The company will be done to around a billion dollars in cash by year-end by my calculations. They are at around $2.5 billion now, will lose about a billion this year and have a half-billion note due in November.
Today, they announced they would be dramatically slowing their increase in battery production, a joint venture with Panasonic.
Something to know about today's Tesla and Panasonic headline is that I have been talking about the advent of new battery technology and that I expected Tesla would jump to it quickly. I do not put it past Musk to essentially dump Panasonic for the future while using them now for what Tesla needs the next few years.
Larry Ellison is also a very pragmatic hardguy in that way too. He will not dissuade Musk from doing what is right for Tesla, regardless of optics.
The real story with today's battery decision to watch, is the announcement of a new battery design in the next year. There are new zinc air batteries that are on the cusp of being produced at larger sizes. We already use them in smaller products like hearing aides.
Billionaire Patrick Soon-Shiong's new company (7 years old), NantEnergy, is about the distance from the top of this column and the bottom from having a battery that breaks the $100 per kilowatt-hour barrier. The zinc-air battery provides a lower cost for energy storage and is now able to be recharged multiple times.
The technology is a hundred years old, but like other old technologies, has been reengineered to be much more efficient and cheaper. The major kicker of course is that zinc is not toxic and is easier to mine than lithium. I expect Tesla to announce something with Arizona based Nant in the not too distant future.
What would that do for Tesla. First off, it would again be first to market with a next generation EV. Second, it would likely open up Soon-Shiong's pocketbook to a large investment in Tesla. Soon-Shiong is a philanthropist and I can see him giving the shares to his foundation one day.
It is possible that they sell licensing to GM, Ford and others for the battery technology, however, Tesla is the natural fit. Why? While I know people like to bash Tesla because they are young, changing the world and a little broke, the company doesn't have something that GM and Ford have, which is a horribly heavy footprint to support.
As I said in the comments to another Tesla bashers column on Seeking Alpha, GM and Ford are much more likely to go bankrupt than Tesla. There are nations that want Tesla factories and billionaires that want a piece of the action, in addition to wanting to see Tesla change the world.

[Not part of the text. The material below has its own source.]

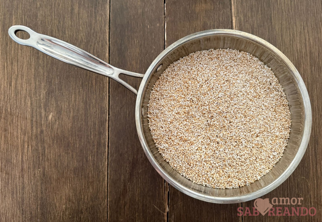 - En un comal o sartén a fuego bajo, tosta el amaranto por aproximadamente 10 minutos, no dejes de moverlo porque se quema con mucha facilidad y esto podría hacer que tu atole quede amargo.

I'll finish with Ellison. For the shark that he is, he's another deep pocketed person that wants to see Tesla succeed. He did not come to Tesla for fun. He's about the money. What did grandpa tell you? "Follow the money?" I hope you listened.
When the correction in Tesla shares is over, you want to own some shares. I am targeting a price to buy around $180, however, it might not fall that low. We'll have to keep an eye on money flow. Tesla will become one of the largest car companies on earth, faster than you think.